_WHAT IS EXPECTED:_ Take the lines from the head of the listing through the one bearing "Mulheres Roupa de" and copy them exactly, leaving every picture out.
Top of DATA TO PROCESS
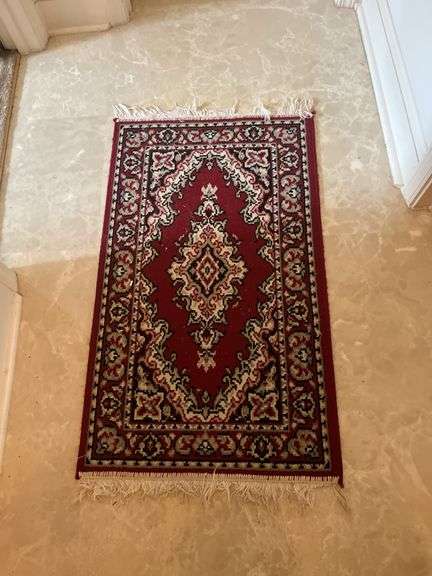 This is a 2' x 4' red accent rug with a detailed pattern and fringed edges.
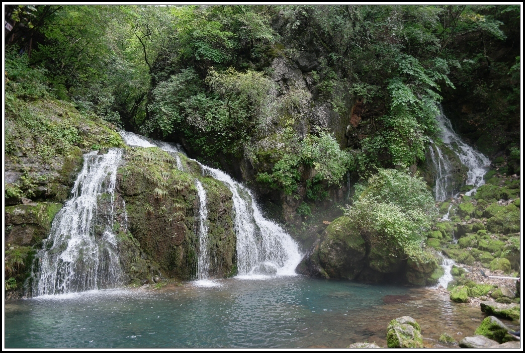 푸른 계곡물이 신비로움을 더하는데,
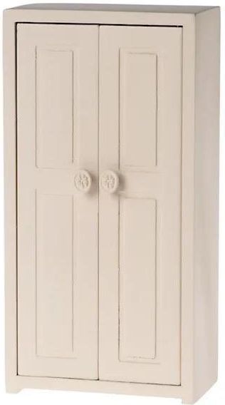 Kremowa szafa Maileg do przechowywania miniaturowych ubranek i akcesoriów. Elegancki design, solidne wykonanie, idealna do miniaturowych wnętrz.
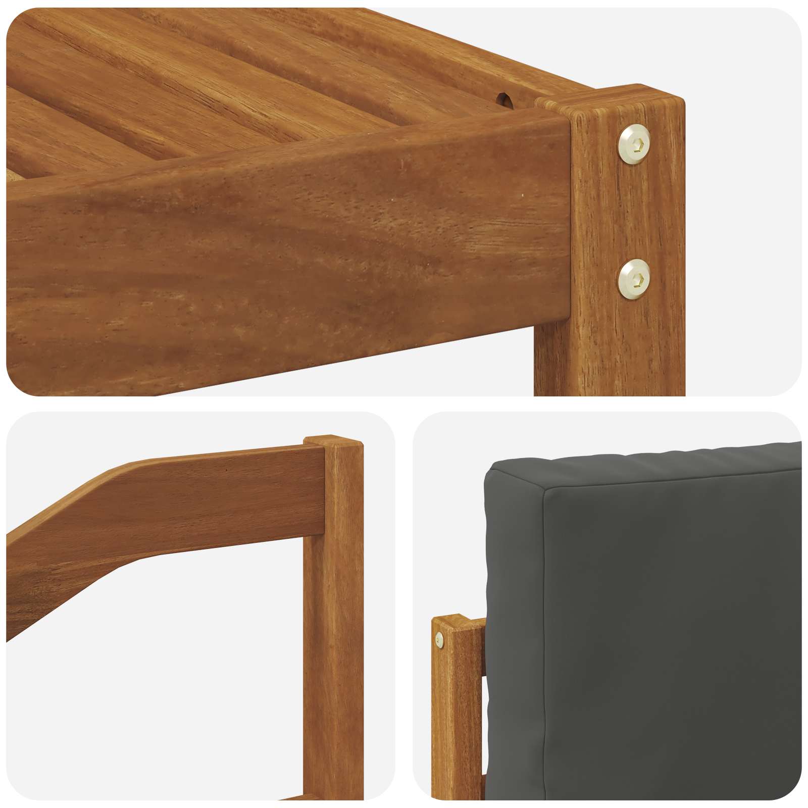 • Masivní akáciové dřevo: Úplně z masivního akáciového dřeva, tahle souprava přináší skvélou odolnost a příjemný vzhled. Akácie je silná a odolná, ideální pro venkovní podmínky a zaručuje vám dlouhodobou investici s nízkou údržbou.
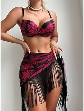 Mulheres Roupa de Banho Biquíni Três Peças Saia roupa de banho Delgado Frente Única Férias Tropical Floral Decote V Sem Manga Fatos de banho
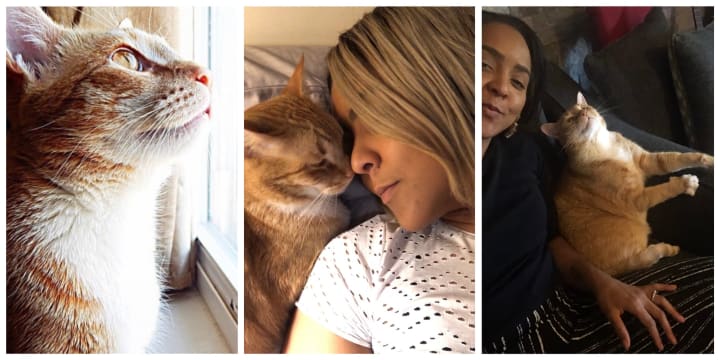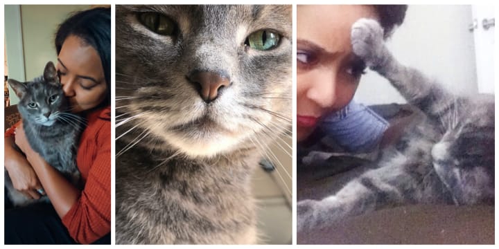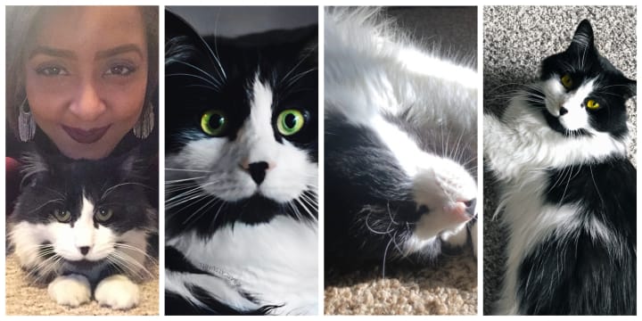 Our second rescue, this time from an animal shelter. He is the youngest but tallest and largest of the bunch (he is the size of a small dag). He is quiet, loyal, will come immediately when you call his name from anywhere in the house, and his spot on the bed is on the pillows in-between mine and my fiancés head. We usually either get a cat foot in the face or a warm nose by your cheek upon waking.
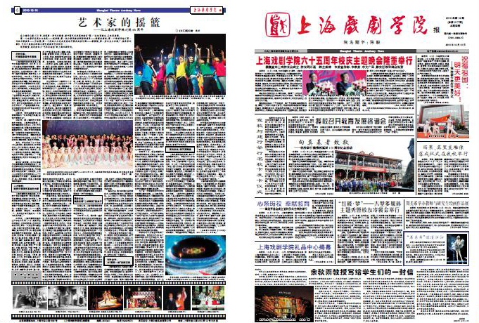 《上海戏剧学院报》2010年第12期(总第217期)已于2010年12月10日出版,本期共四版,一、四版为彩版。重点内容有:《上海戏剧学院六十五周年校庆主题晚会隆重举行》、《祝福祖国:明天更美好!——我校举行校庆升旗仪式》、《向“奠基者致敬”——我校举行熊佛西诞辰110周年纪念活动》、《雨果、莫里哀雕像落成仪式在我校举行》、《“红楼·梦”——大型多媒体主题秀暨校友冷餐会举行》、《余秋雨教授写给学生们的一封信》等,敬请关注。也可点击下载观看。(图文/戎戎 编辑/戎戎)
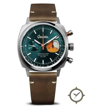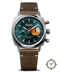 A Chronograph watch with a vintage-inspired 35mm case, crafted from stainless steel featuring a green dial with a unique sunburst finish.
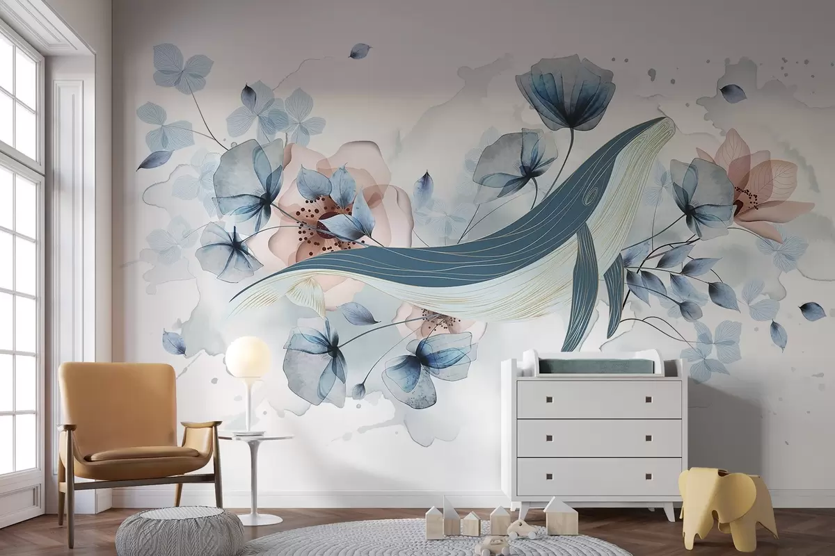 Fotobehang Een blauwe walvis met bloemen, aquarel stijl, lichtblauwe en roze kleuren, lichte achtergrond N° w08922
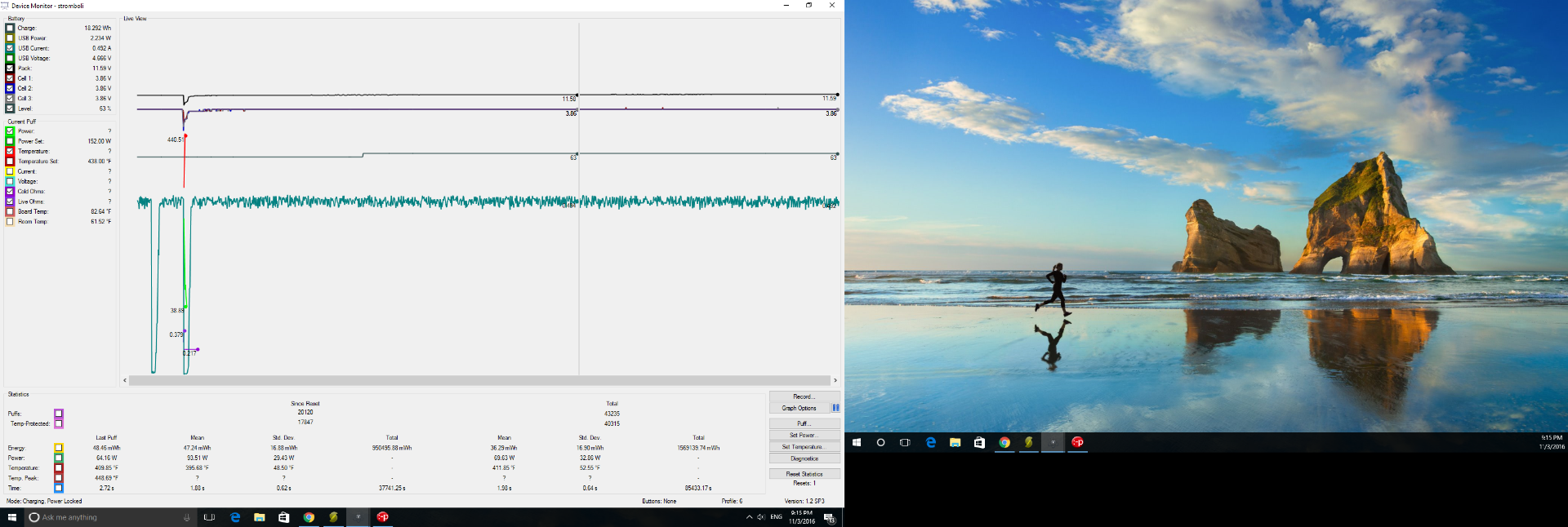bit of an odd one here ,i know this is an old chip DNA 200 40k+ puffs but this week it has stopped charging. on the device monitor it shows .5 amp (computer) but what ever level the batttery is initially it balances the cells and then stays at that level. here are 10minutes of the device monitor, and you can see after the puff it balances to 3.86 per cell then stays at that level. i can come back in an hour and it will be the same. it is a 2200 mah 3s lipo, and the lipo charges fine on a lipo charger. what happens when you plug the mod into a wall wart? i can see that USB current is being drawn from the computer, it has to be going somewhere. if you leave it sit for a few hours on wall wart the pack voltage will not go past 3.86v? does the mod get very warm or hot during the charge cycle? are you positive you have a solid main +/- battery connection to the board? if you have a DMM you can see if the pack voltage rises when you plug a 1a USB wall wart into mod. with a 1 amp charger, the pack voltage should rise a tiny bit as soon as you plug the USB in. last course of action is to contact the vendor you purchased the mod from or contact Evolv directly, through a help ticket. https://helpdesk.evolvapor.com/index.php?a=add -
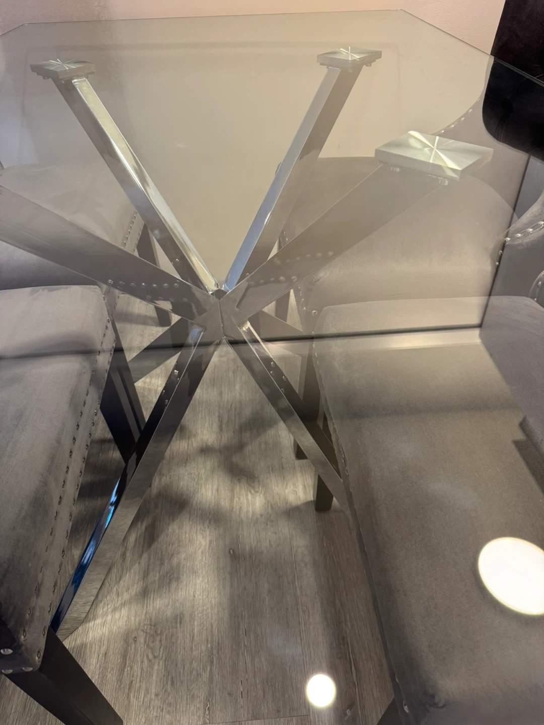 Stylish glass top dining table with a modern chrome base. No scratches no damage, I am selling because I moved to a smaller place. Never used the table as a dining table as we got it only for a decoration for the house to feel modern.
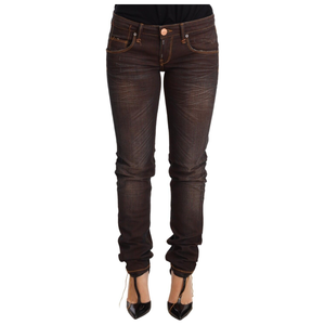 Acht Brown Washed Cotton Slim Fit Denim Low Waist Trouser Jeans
Bottom of DATA TO PROCESS
_ANSWER BELOW:_
 This is a 2' x 4' red accent rug with a detailed pattern and fringed edges.
 푸른 계곡물이 신비로움을 더하는데,
 Kremowa szafa Maileg do przechowywania miniaturowych ubranek i akcesoriów. Elegancki design, solidne wykonanie, idealna do miniaturowych wnętrz.
 • Masivní akáciové dřevo: Úplně z masivního akáciového dřeva, tahle souprava přináší skvélou odolnost a příjemný vzhled. Akácie je silná a odolná, ideální pro venkovní podmínky a zaručuje vám dlouhodobou investici s nízkou údržbou.
 Mulheres Roupa de Banho Biquíni Três Peças Saia roupa de banho Delgado Frente Única Férias Tropical Floral Decote V Sem Manga Fatos de banho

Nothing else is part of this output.